Its toxicity is teratogenic effect and can trigger related calcifications.
Vitamin D is also obtained through the diet, the intake of certain foods. There are also in the market many products rich in vitamin D.
Functions of vitamin D
- He collaborated in the formation and bone and dental maintenance.
- It is involved in cell growth and the transmission of nerve impulses to the muscle.
- It is involved in blood clotting.
- He collaborates in the maintenance of the level of calcium in the blood.
- It increases the intestinal absorption of calcium and phosphorus.
Sources of vitamin D
- Canned fish and cod liver oil.
- Butter, margarine.
- Cream, enriched milk.
Asparagus, vegeltales oils, olives or nuts can provide us with vitamin E.
Daily recommendations of vitamin E:
8-10 mg α-tocopherol per day in adults.
Vitamin E is a fat-soluble vitamin, also known as antiesterilidad or vitamin of fertilization.
As vitamin D are grouped a series of compounds called tocopherols and that increased activity has is the α-tocopherol.
All vitamin E that is taken per day, only is absorbed and passes through the intestinal barrier, from 20 to 40%.
Their toxicity can interfere with vitamin K and cause bleeding.
Functions of vitamin E
- It helps the body to use vitamin K and participates in the formation of red blood cells.
- Antioxidant and cellular protection.
- Protective vitamin A.
- Prevents muscle degeneration.
- It participates in the process of reproduction.
- It improves the immune system.
Food sources of vitamin E
- Germ of wheat, corn, vegetable oils, olives and nuts (walnuts).
- Butter, margarine and egg.
- Green leafy vegetables; like spinach, turnip greens, kale, lettuce.
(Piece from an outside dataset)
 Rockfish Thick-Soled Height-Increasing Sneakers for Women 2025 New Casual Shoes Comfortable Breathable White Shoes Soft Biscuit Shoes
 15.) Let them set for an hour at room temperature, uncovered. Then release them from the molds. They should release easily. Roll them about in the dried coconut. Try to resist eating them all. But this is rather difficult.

Green leafy vegetables and cereals are some food sources containing vitamin K.
Daily recommendations of vitamin K:
Vitamin K is a fat-soluble vitamin. Anti-haemorrhagic is also called.
As vitamin K there are several molecules that have in common their participation in processes of coagulation. Hence its name, by the German word Koagulation. Blood thinners and antibiotics interfere with vitamin K.
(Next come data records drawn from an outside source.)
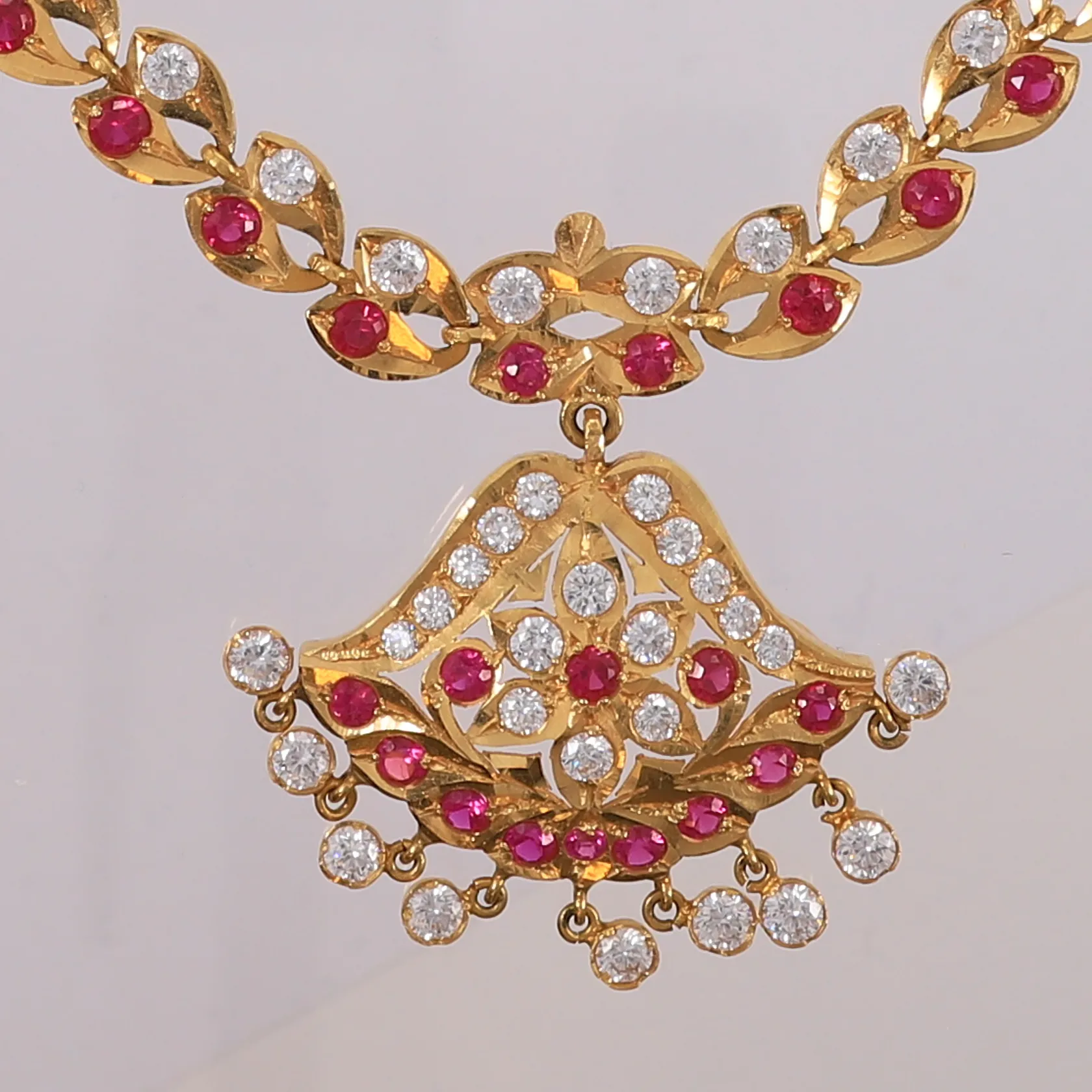 Halssmykke med lilla og blanke stener, lengde 36cm, bredde 8,6- 47mm, 22K, bruttovekt 32,6g Vekt: 0 g Kontakt Lånekontoret for frakt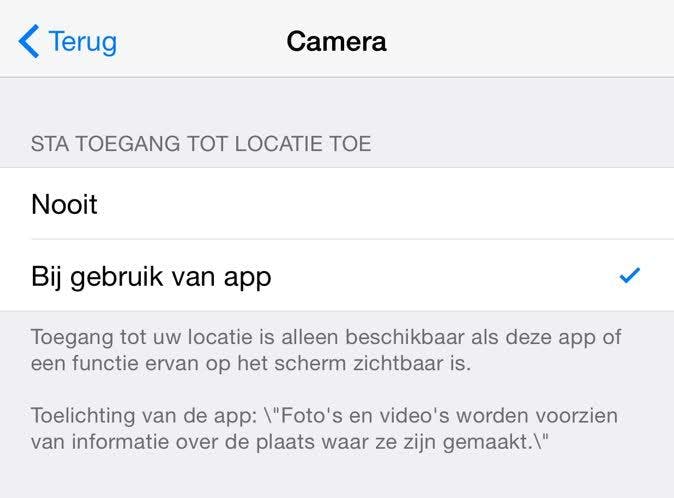 Als je deze locatiegegevens een inbreuk op je privacy vindt, kun je ze gewoon uitschakelen. Ga naar Instellingen / Privacy / Locatievoorzieningen / Camera. Als je Nooit aanvinkt, worden de locatiegegevens niet maar aan je foto's toegevoegd. Let erop dat de eerder opgeslagen foto's ongewijzigd blijven. Gebruik je een andere app om foto's te maken, verander dan ook daar de instellingen.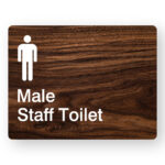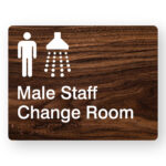 Male Staff Shower Braille Sign in Dark Woodgrain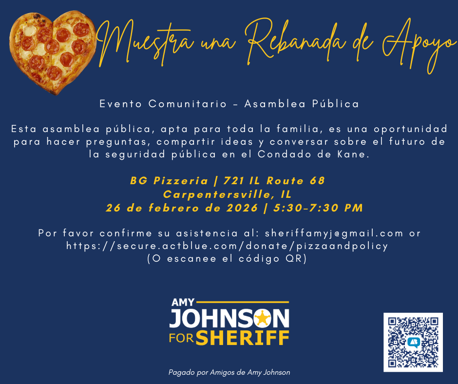 Join Amy Johnson for a relaxed, family-friendly evening where neighbors can come together to talk openly about the issues that matter most to Kane County. Whether you have questions about public safety, ideas to share, or simply want to meet face-to-face, this is your time to be heard.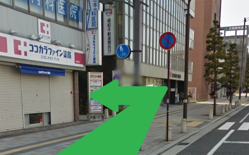 ココカラファイン薬局さんがある大通口ビルとフォレストヒルズ八木駅前ビルの間の細い道を真っすぐ進むと10分程度で病院に到着します。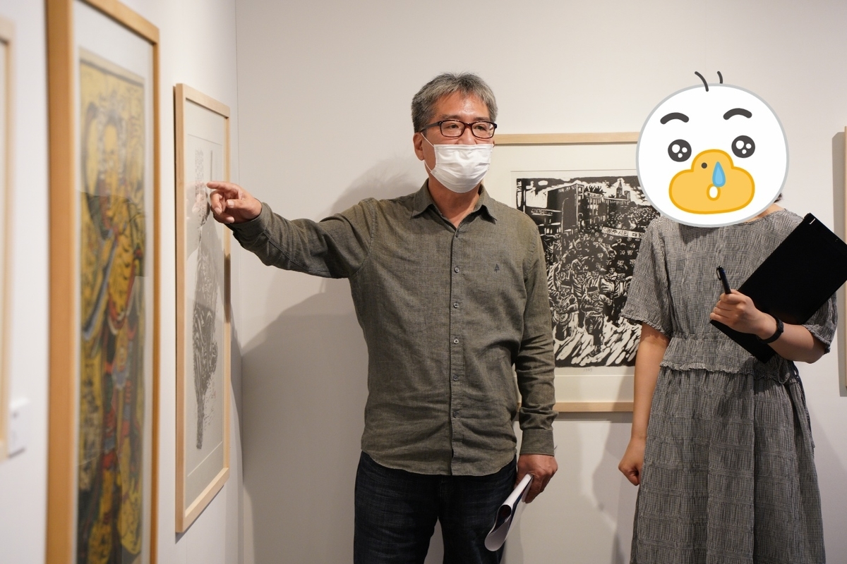 韓国人Bさん:正直、見る前まではただ政治的・社会的な意識が投影された作品が展示されているのだろうと思っていた。ところが、実際に展示を見てみると、ひとつひとつのクオリティに非常に驚いた。極度に精巧な版画ととても卓越した絵が(もちろん政治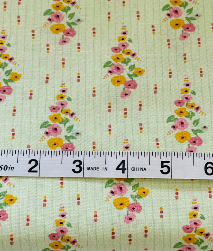 Fabric - Floral - (599) Pretty Green Self Stripe with Flowers is backordered and will ship as soon as it is back in stock.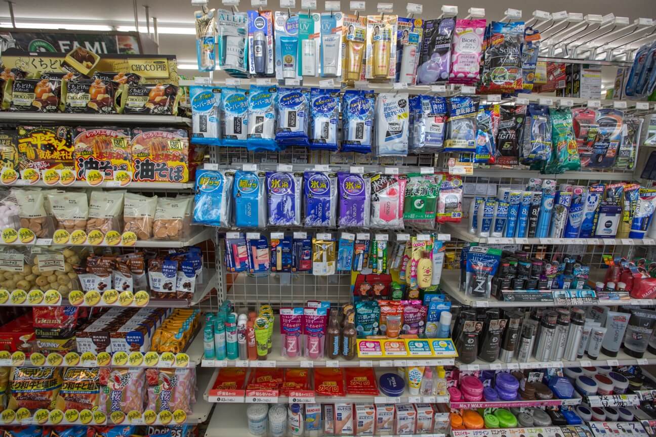 沖縄で釣りをする時には、とにかく日射しとの勝負。日焼け止めやデオドラント商品も充実しています。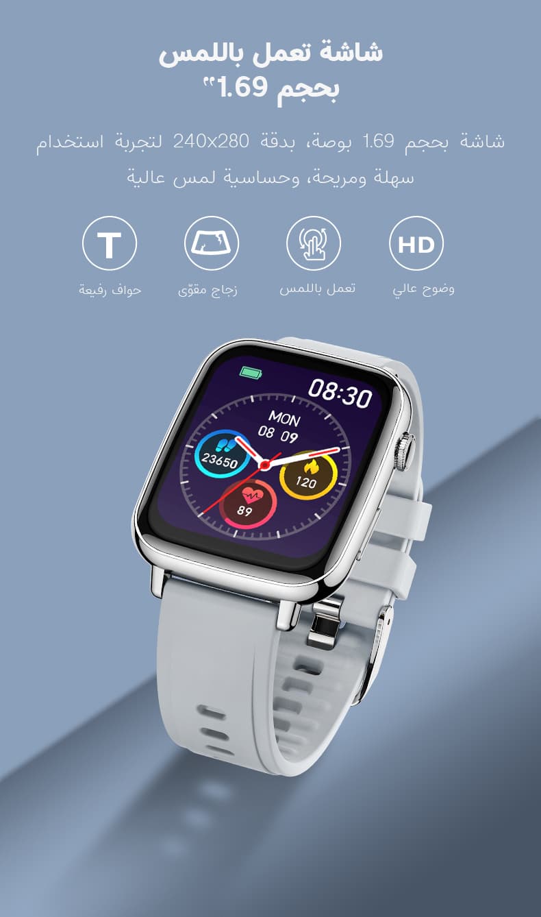 - شاشة تعمل باللمس بدقة HD و بحجم 1.69 انش

A significant proportion of vitamin K is synthesized at the endogenous level in the human intestine.
The toxicity of this component is quite rare.
Functions of vitamin K
- It is not present in the list of essential vitamins. Although it is important to note that their absence would lead to blood not coagulase.
- He collaborates in bone synthesis.
- It helps in the prevention of cardiovascular disease.
Food sources of vitamin K
- Vegetables of green leaf, sprouts, cabbage, cauliflower, spinach, tea and soy.
- Broccoli, chives, watercress, asparagus and even parsley, are other green options.
- Among fruits, although to a lesser extent, Green Apple, dried plums, blueberries and grapes provide it.
- Pork liver.
- Cereals, potatoes and tomato.
- Butter, cheese.
- Salmon, cooked shrimp or tuna in olive oil.
- Cashews, walnuts and pine nuts.
- Soybean oil, rich in PHYLLOQUINONE.